#### DATA SECTION
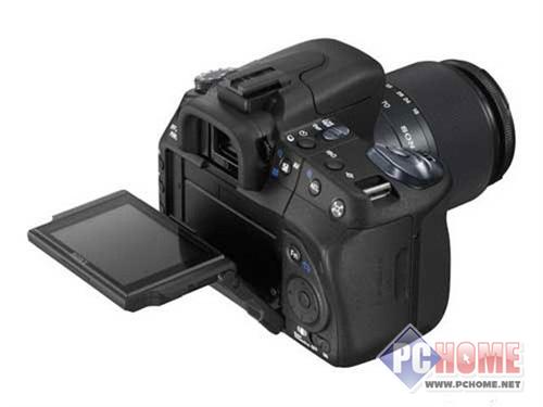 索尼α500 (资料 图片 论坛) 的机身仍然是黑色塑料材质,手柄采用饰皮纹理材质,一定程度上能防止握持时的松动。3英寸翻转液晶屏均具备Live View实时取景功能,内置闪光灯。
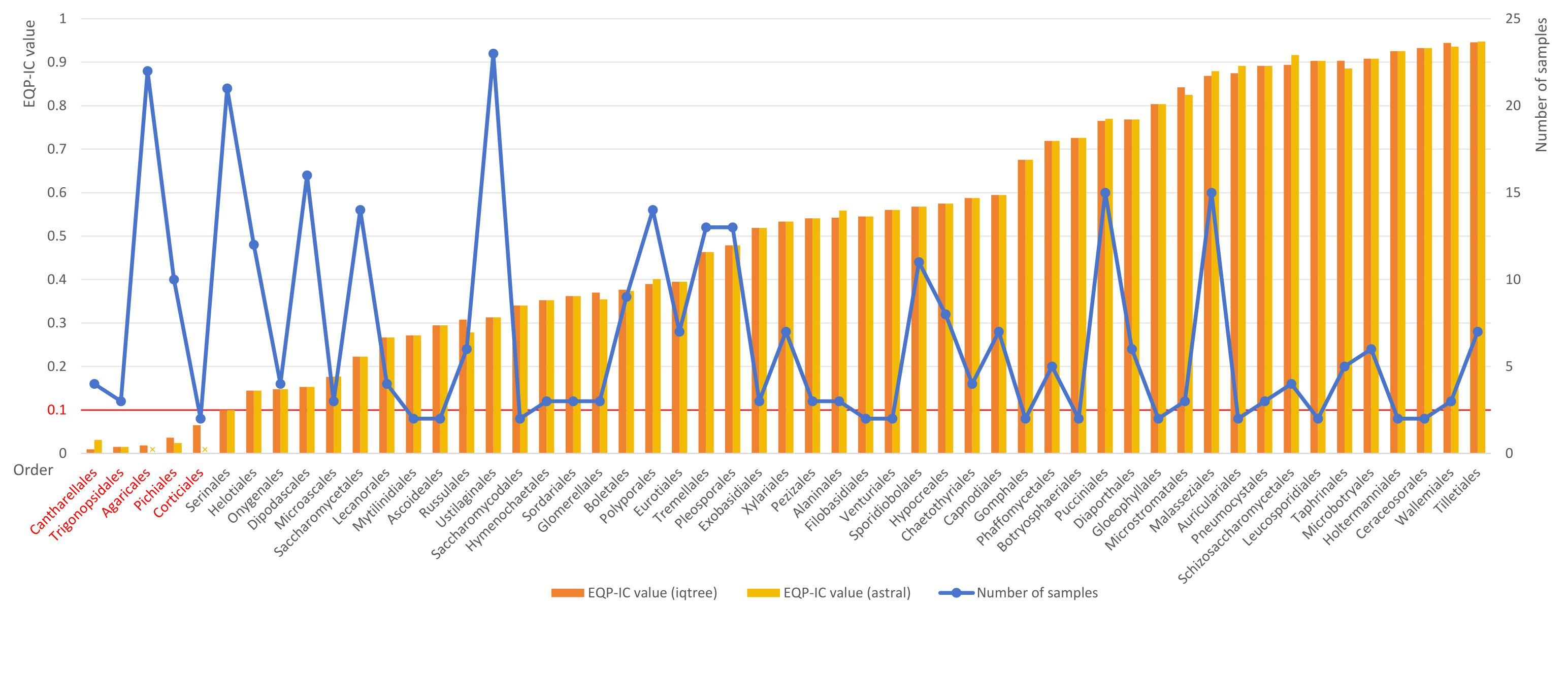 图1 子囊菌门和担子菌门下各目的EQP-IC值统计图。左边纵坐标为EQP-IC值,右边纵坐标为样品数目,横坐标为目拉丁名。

* * *

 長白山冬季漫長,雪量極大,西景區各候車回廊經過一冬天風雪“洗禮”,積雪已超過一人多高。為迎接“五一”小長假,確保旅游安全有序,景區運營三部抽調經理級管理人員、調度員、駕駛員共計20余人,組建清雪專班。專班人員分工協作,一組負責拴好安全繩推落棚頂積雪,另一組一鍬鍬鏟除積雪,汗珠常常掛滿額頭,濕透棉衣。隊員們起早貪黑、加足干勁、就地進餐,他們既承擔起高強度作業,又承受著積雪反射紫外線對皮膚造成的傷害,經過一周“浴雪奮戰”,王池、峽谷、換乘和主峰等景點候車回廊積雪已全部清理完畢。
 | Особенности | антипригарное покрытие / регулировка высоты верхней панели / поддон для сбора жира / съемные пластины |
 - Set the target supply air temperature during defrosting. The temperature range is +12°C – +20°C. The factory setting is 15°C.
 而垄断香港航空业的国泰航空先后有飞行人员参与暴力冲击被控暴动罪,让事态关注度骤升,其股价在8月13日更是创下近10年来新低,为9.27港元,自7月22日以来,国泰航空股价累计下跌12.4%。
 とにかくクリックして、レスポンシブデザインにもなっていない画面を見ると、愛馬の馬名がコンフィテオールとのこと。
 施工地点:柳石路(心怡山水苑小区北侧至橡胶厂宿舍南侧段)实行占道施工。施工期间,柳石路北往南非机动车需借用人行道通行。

---

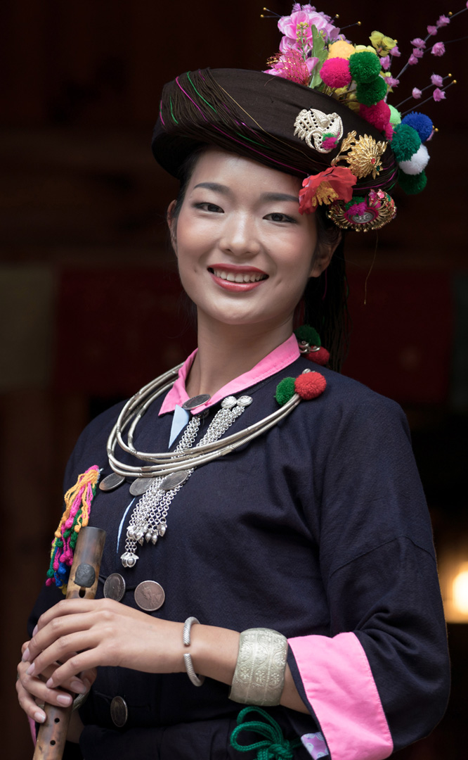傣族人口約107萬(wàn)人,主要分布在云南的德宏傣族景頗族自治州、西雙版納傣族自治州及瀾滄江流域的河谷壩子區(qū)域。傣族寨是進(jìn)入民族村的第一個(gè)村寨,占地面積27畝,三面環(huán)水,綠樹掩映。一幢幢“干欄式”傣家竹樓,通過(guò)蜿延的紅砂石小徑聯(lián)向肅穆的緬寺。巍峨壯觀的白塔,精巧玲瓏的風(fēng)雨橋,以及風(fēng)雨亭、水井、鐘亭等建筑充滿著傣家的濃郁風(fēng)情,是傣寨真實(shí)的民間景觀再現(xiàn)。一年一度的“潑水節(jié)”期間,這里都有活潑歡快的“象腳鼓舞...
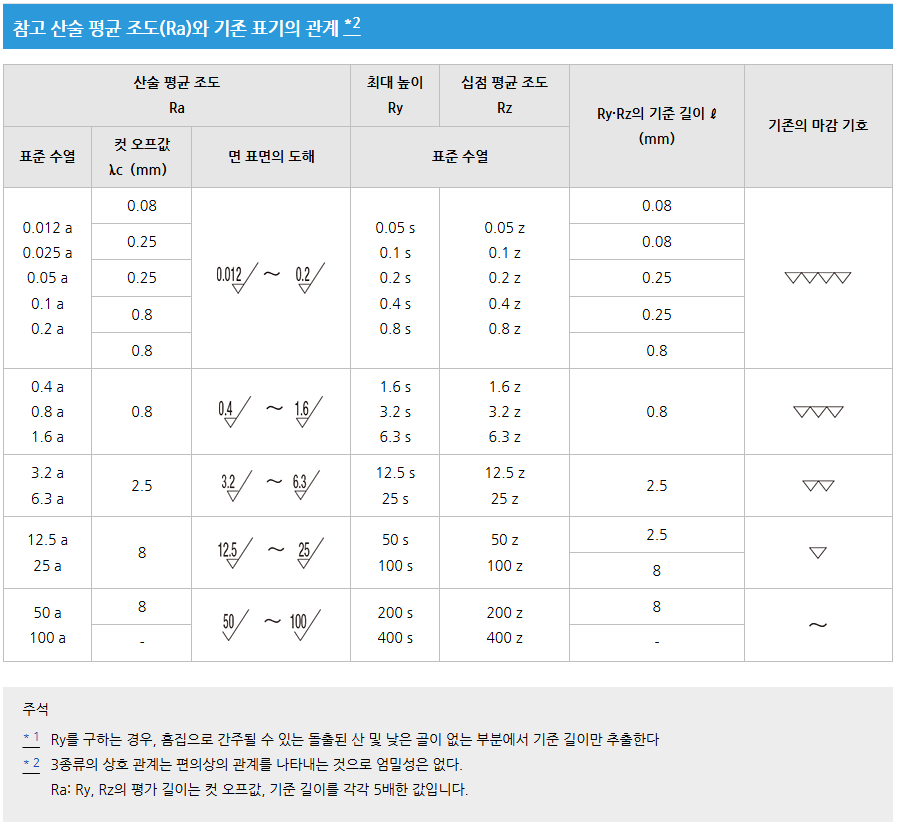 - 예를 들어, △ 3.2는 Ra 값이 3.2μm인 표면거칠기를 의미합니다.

#### YOUR ASSIGNMENT
Among the records above, only the lines between the line holding "- Set the target" and the line holding "施工地点:柳石路(心怡山水苑", inclusive, are to be output, exactly as written.

#### RESPONSE BOX
 - Set the target supply air temperature during defrosting. The temperature range is +12°C – +20°C. The factory setting is 15°C.
 而垄断香港航空业的国泰航空先后有飞行人员参与暴力冲击被控暴动罪,让事态关注度骤升,其股价在8月13日更是创下近10年来新低,为9.27港元,自7月22日以来,国泰航空股价累计下跌12.4%。
 とにかくクリックして、レスポンシブデザインにもなっていない画面を見ると、愛馬の馬名がコンフィテオールとのこと。
 施工地点:柳石路(心怡山水苑小区北侧至橡胶厂宿舍南侧段)实行占道施工。施工期间,柳石路北往南非机动车需借用人行道通行。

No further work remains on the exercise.